- Active: 1916–1917
- Country: Australia
- Branch: First Australian Imperial Force
- Role: Infantry training (1916) Tunnelling (1916–1917)
- Engagements: World War I

= 1st Anzac Entrenching Battalion =

The 1st Anzac Entrenching Battalion was a First Australian Imperial Force (AIF) battalion of World War I. It was formed in June 1916 with the role of preparing soldiers for combat with the AIF's infantry battalions. From September that year until the battalion's disbandment in October 1917 it was used as a tunnelling unit.

==History==

The 1st Anzac Entrenching Battalion was formed at La Motte in France on 6 June 1916. Like the other British Empire entrenching battalions, the unit was initially used to hold reinforcement infantrymen for I ANZAC Corps. Soldiers were posted to the battalion after completing initial infantry training in the United Kingdom and further training at the base depots of the AIF divisions in France. The role of the 1st Anzac Entrenching Battalion was to accelerate and improve the training process by providing reinforcement infantrymen with exposure to combat conditions while undertaking engineering works near the front line.

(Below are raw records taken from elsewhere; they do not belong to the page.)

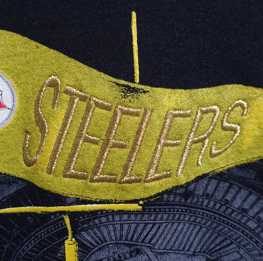 90s “NUTMEG” Black STEELERS Embroidered & Printed Design Sweat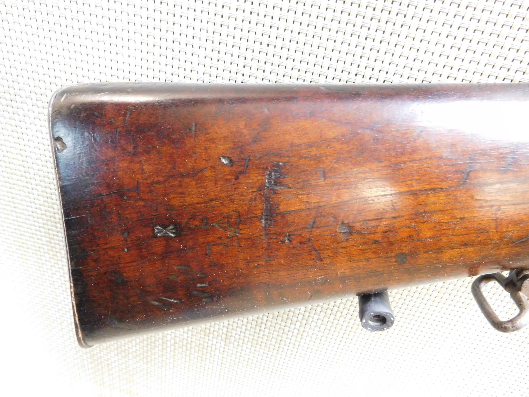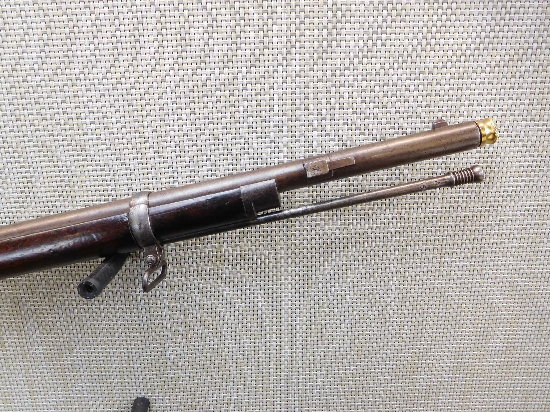 TOWER DATED 1858, STEEL FURNITURE WITH ORIGINAL NIPPLE PROTECTOR AND CHAIN, OUT OF SERVICE MARKINGS, BAYONET LUG, BORE PLUG, CLEANING ROD, GOOD BORE, SLING LOOPS, , ACTION: SINGLE SHOT PERCUSSION , BARREL LENGTH: 32" , , , CONDITION: ANTIQUE 6/10 , CLASS: CANADIAN ANTIQUE CLASS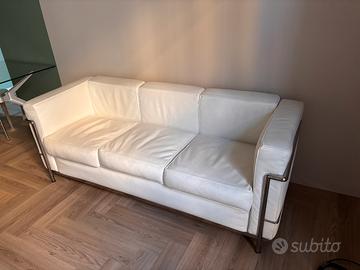 Divano 3 posti di design, replica di qualità del Grand Confort Petit Modèle disegnato da Le Corbusier nei primi del '900. Ha il telaio in tubi d'acciaio cromato e cuscini amovibili in poliuretano e ovatta.
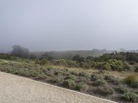A serene and misty California dawn breaks over a rural landscape. Vegetation thrives in the foggy and rugged terrain. The grey sky casts a gloomy veil over the vineyards and chaparral valleys of Monterey.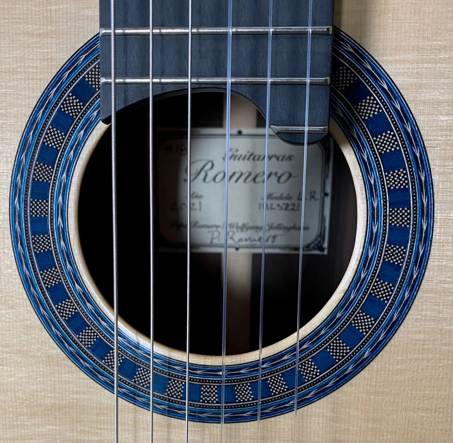 All Guitarras Romero come standard with Pepe Romero Strings Set PEPESR: Classical Guitar Clear Nylon Trebles - Hard Tension.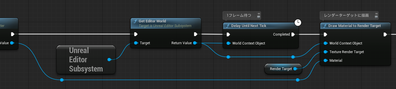 レンダーターゲットの更新を待つため、1フレーム挟んだ後、生成したDynamic Material Instanceを使ってレンダーターゲットに描画します。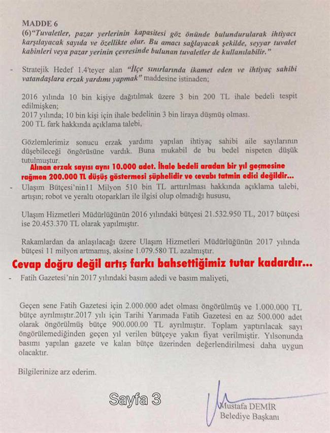 Fatih Belediye meclisinde verdiği Sözlü/Yazılı soru önergelerine verilen cevaplar.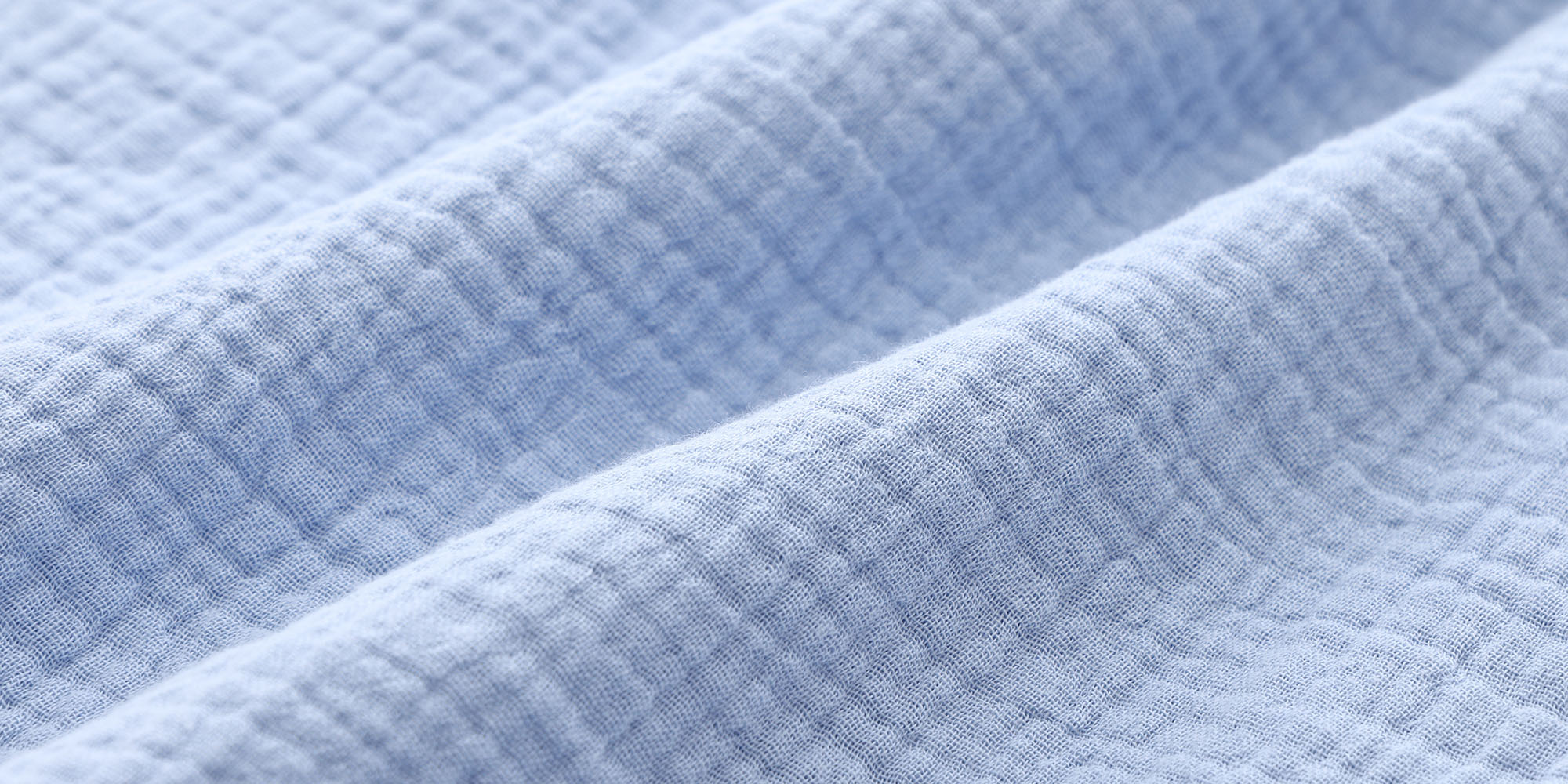 シアバター・オリーブオイル・シルクアミノ酸・スクワランという、4つの天然保湿成分をナノ粒子化して配合し、肌へのやさしさにこだわった加工を施したダブルガーゼ素材です。 繊維1本1本に潤いを感じるような、しっとりした質感が特徴です。 さらに、生地表面には自然な「うね(ウェーブ)」を出す特殊技術を用いることで、従来のガーゼよりもやわらかくふんわりと仕上げています。 2重構造のガーゼは、空気を含みながら通気性も保ち、心地よい保温力を生み出します。デリケートな肌にも安心して使える、優しい生地感です。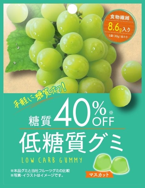 商品特徴:”糖質を気にせずグミを食べたい”という方にぴったりなマスカット味のグミです。パッケージは環境に配慮したバイオマスインキと紙包材を使用。グミ特有の弾力と美味しさはそのままに糖質を40%オフ(※1)しました。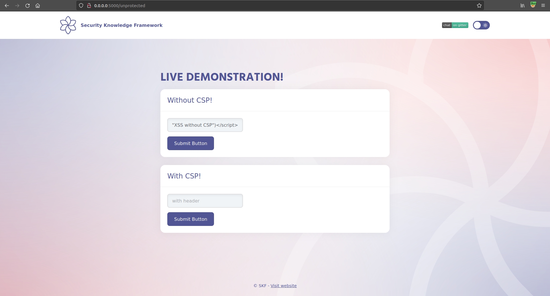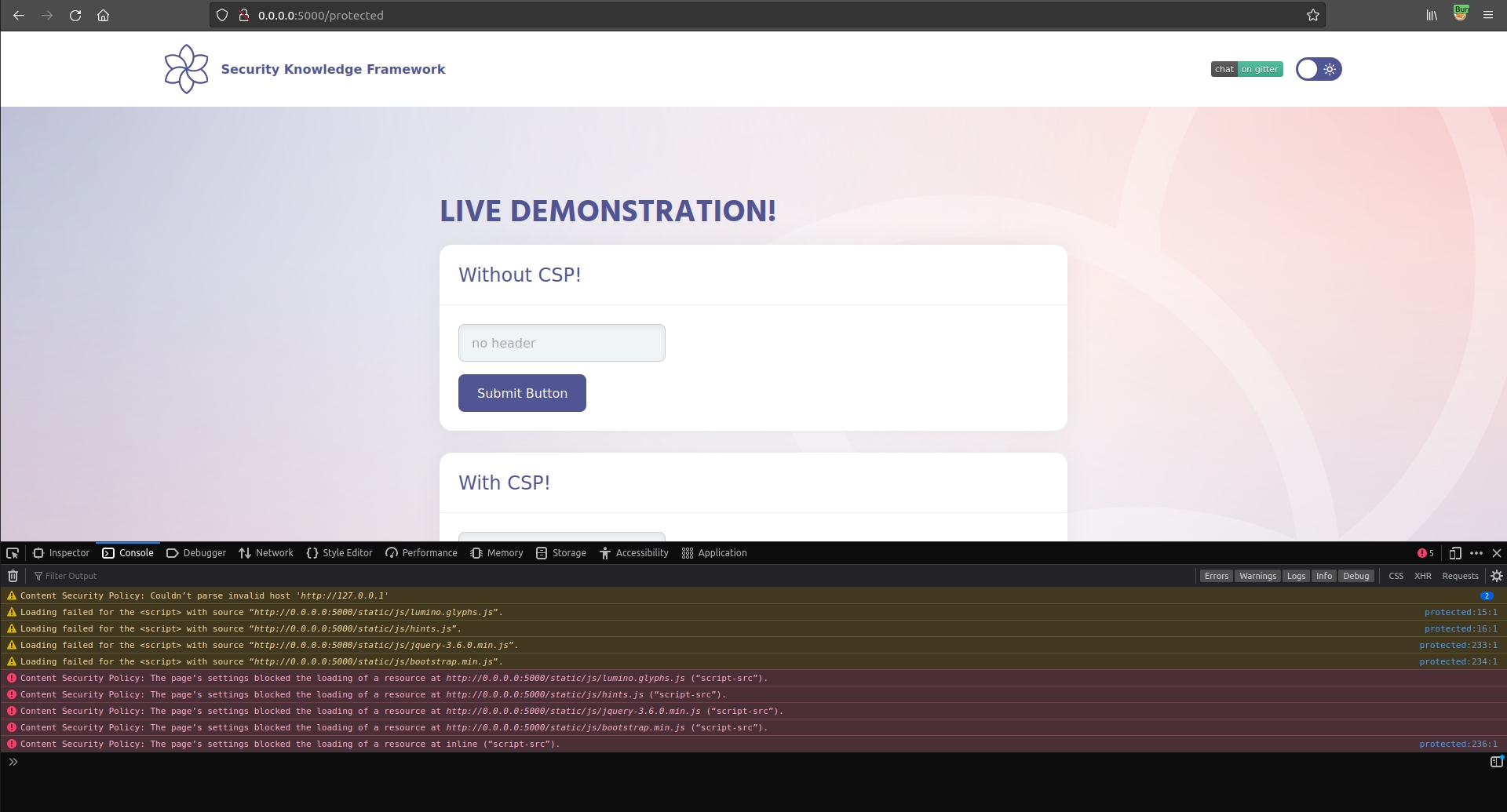 $ sudo docker run -ti -p 127.0.0.1:5000:5000 blabla1337/owasp-skf-lab:js-csp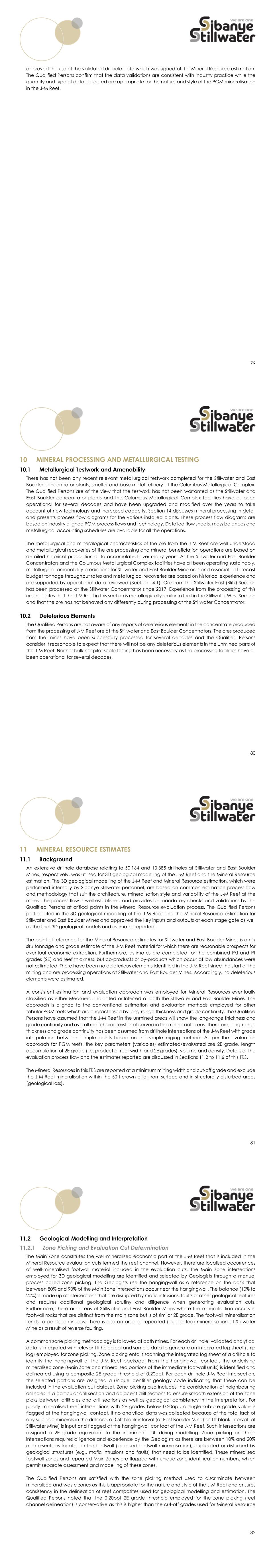 79 approved the use of the validated drillhole data which was signed-off for Mineral Resource estimation. The Qualified Persons confirm that the data validations are consistent with industry practice while the quantity and type of data collected are appropriate for the nature and style of the PGM mineralisation in the J-M Reef. 80 MINERAL PROCESSING AND METALLURGICAL TESTING Metallurgical Testwork and Amenability There has not been any recent relevant metallurgical testwork completed for the Stillwater and East Boulder concentrator plants, smelter and base metal refinery at the Columbus Metallurgical Complex. The Qualified Persons are of the view that the testwork has not been warranted as the Stillwater and East Boulder concentrator plants and the Columbus Metallurgical Complex facilities have all been operational for several decades and have been upgraded and modified over the years to take account of new technology and increased capacity. Section 14 discusses mineral processing in detail and presents process flow diagrams for the various installed plants. These process flow diagrams are based on industry aligned PGM process flows and technology. Detailed flow sheets, mass balances and metallurgical accounting schedules are available for all the operations. The metallurgical and mineralogical characteristics of the ore from the J-M Reef are well-understood and metallurgical recoveries of the ore processing and mineral beneficiation operations are based on detailed historical production data accumulated over many years. As the Stillwater and East Boulder Concentrators and the Columbus Metallurgical Complex facilities have all been operating sustainably, metallurgical amenability predictions for Stillwater and East Boulder Mine ores and associated forecast budget tonnage throughput rates and metallurgical recoveries are based on historical experience and are supported by operational data reviewed (Section 14.1). Ore from the Stillwater East (Blitz) Section has been processed at the Stillwater Concentrator since 2017. Experience from the processing of this ore indicates that the J-M Reef in this section is metallurgically similar to that in the Stillwater West Section and that the ore has not behaved any differently during processing at the Stillwater Concentrator. Deleterious Elements The Qualified Persons are not aware of any reports of deleterious elements in the concentrate produced from the processing of J-M Reef ore at the Stillwater and East Boulder Concentrators. The ores produced from the mines have been successfully processed for several decades and the Qualified Persons consider it reasonable to expect that there will not be any deleterious elements in the unmined parts of the J-M Reef. Neither bulk nor pilot scale testing has been necessary as the processing facilities have all been operational for several decades. 81 MINERAL RESOURCE ESTIMATES Background An extensive drillhole database relating to 50 164 and 10 385 drillholes at Stillwater and East Boulder Mines, respectively, was utilised for 3D geological modelling of the J-M Reef and the Mineral Resource estimation. The 3D geological modelling of the J-M Reef and Mineral Resource estimation, which were performed internally by Sibanye-Stillwater personnel, are based on common estimation process flow and methodology that suit the architecture, mineralisation style and variability of the J-M Reef at the mines. The process flow is well-established and provides for mandatory checks and validations by the Qualified Persons at critical points in the Mineral Resource evaluation process. The Qualified Persons participated in the 3D geological modelling of the J-M Reef and the Mineral Resource estimation for Stillwater and East Boulder Mines and approved the key inputs and outputs at each stage gate as well as the final 3D geological models and estimates reported. The point of reference for the Mineral Resource estimates for Stillwater and East Boulder Mines is an in situ tonnage and grade estimate of the J-M Reef material for which there are reasonable prospects for eventual economic extraction. Furthermore, estimates are completed for the combined Pd and Pt grades (2E) and reef thickness, but co-products or by-products which occur at low abundances were not estimated. There have been no deleterious elements identified in the J-M Reef since the start of the mining and ore processing operations at Stillwater and East Boulder Mines. Accordingly, no deleterious elements were estimated. A consistent estimation and evaluation approach was employed for Mineral Resources eventually classified as either Measured, Indicated or Inferred at both the Stillwater and East Boulder Mines. The approach is aligned to the conventional estimation and evaluation methods employed for other tabular PGM reefs which are characterised by long-range thickness and grade continuity. The Qualified Persons have assumed that the J-M Reef in the unmined areas will show the long-range thickness and grade continuity and overall reef characteristics observed in the mined-out areas. Therefore, long-range thickness and grade continuity has been assumed from drillhole intersections of the J-M Reef with grade interpolation between sample points based on the simple kriging method. As per the evaluation approach for PGM reefs, the key parameters (variables) estimated/evaluated are 2E grade, length accumulation of 2E grade (i.e. product of reef width and 2E grades), volume and density. Details of the evaluation process flow and the estimates reported are discussed in Sections 11.2 to 11.6 of this TRS. The Mineral Resources in this TRS are reported at a minimum mining width and cut-off grade and exclude the J-M Reef mineralisation within the 50ft crown pillar from surface and in structurally disturbed areas (geological loss). 82 Geological Modelling and Interpretation Zone Picking and Evaluation Cut Determination The Main Zone constitutes the well-mineralised economic part o

The battalion initially provided all infantry reinforcements for the I ANZAC Corps, but all of its personnel were posted to combat units as part of the response to the heavy casualties suffered by the Australian units involved in the Battle of Pozières between July and September 1916. While it ceased to provide training to infantrymen, the 1st Anzac Entrenching Battalion's headquarters and staff were retained and the unit absorbed the surplus reinforcements for the AIF's tunnelling companies; these comprised 9 officers and 203 other ranks. The battalion subsequently operated as a tunnelling unit on the Western Front alongside Canadian tunnellers. It was disbanded on 20 October 1917.